Using the data below, reproduce exactly the lines from the line with "Harpatti Gobindpur village" to the line with "回娘家新中式 日常走秀表演服复古时尚 礼服连衣裙 旗袍长款 2024新款", both included; pictures must be dropped.

**DATA FOR REVIEW**
——————————

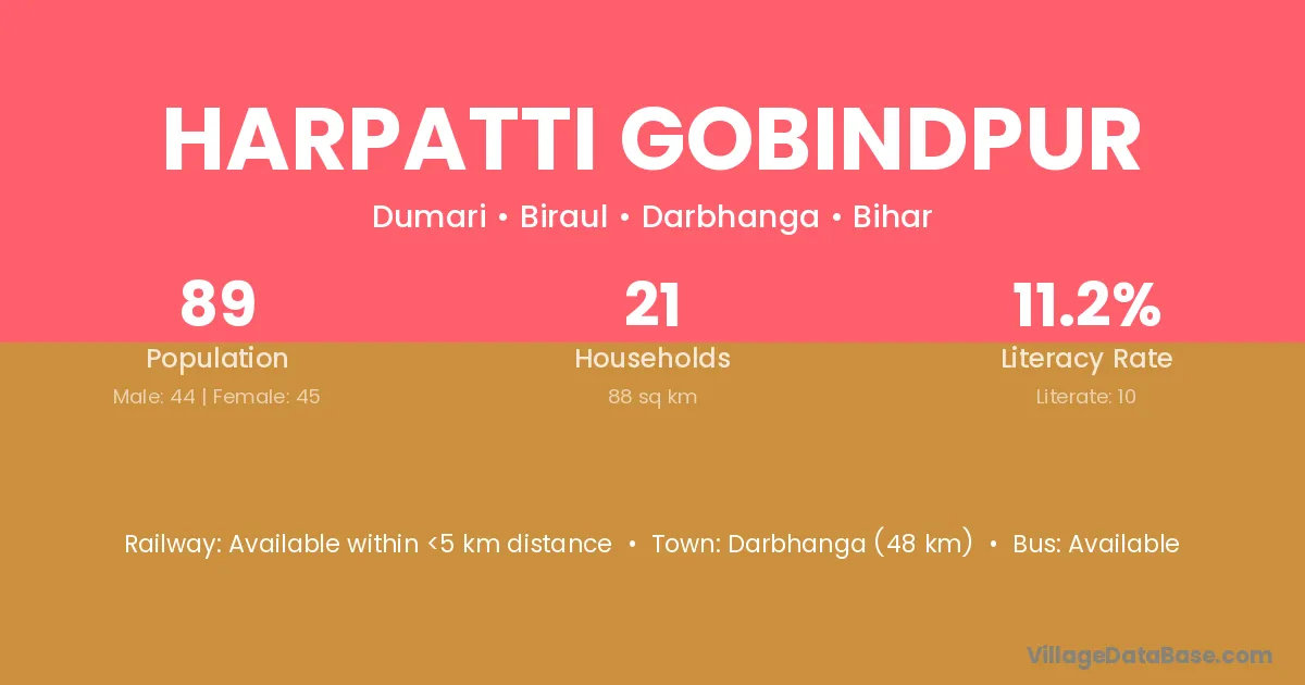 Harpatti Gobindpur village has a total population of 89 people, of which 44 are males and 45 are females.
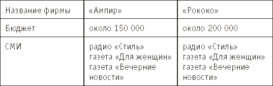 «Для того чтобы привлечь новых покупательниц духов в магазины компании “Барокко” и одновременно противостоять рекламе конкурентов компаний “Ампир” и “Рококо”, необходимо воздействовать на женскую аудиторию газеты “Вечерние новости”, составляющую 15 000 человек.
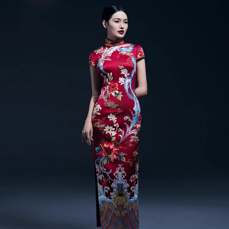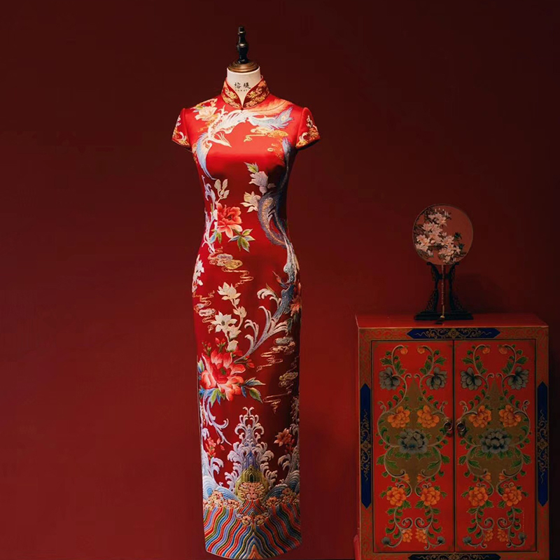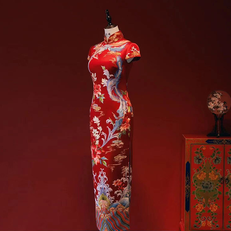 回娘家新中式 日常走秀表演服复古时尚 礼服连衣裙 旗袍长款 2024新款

——————————

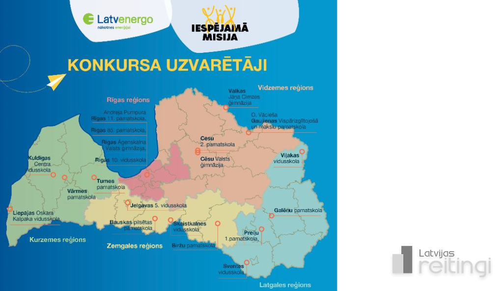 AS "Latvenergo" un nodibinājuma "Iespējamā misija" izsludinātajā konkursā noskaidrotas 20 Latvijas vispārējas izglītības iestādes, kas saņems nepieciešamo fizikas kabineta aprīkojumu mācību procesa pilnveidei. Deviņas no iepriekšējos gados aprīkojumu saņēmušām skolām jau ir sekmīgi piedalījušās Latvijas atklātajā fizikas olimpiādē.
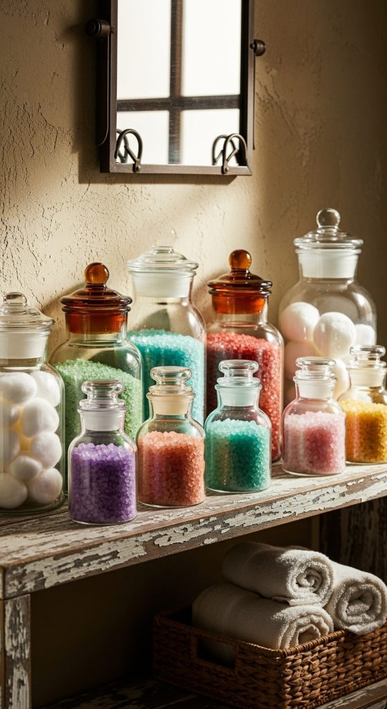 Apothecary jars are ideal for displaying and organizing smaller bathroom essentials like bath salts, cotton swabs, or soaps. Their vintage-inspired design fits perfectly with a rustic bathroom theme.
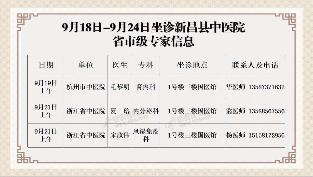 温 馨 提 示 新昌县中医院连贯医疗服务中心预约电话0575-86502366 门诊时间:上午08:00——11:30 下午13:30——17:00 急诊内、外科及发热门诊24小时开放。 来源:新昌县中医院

——————————

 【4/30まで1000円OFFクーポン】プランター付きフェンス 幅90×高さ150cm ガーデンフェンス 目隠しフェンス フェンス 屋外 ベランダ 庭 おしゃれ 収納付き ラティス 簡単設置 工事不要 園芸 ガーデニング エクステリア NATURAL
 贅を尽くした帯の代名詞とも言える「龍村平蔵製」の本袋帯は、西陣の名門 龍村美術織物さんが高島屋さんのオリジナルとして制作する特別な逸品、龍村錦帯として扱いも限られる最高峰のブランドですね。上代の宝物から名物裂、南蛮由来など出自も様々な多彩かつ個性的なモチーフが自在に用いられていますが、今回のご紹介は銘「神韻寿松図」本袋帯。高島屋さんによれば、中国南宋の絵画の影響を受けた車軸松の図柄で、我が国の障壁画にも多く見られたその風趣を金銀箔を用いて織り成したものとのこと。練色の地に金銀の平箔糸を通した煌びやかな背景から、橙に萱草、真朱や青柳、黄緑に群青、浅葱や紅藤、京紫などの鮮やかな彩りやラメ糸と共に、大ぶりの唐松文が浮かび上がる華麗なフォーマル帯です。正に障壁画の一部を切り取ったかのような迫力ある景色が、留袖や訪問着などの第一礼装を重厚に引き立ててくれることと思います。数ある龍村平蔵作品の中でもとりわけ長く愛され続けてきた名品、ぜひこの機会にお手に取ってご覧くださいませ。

——————————

**REPLY TO THE EXERCISE**
 Harpatti Gobindpur village has a total population of 89 people, of which 44 are males and 45 are females.
 «Для того чтобы привлечь новых покупательниц духов в магазины компании “Барокко” и одновременно противостоять рекламе конкурентов компаний “Ампир” и “Рококо”, необходимо воздействовать на женскую аудиторию газеты “Вечерние новости”, составляющую 15 000 человек.
 回娘家新中式 日常走秀表演服复古时尚 礼服连衣裙 旗袍长款 2024新款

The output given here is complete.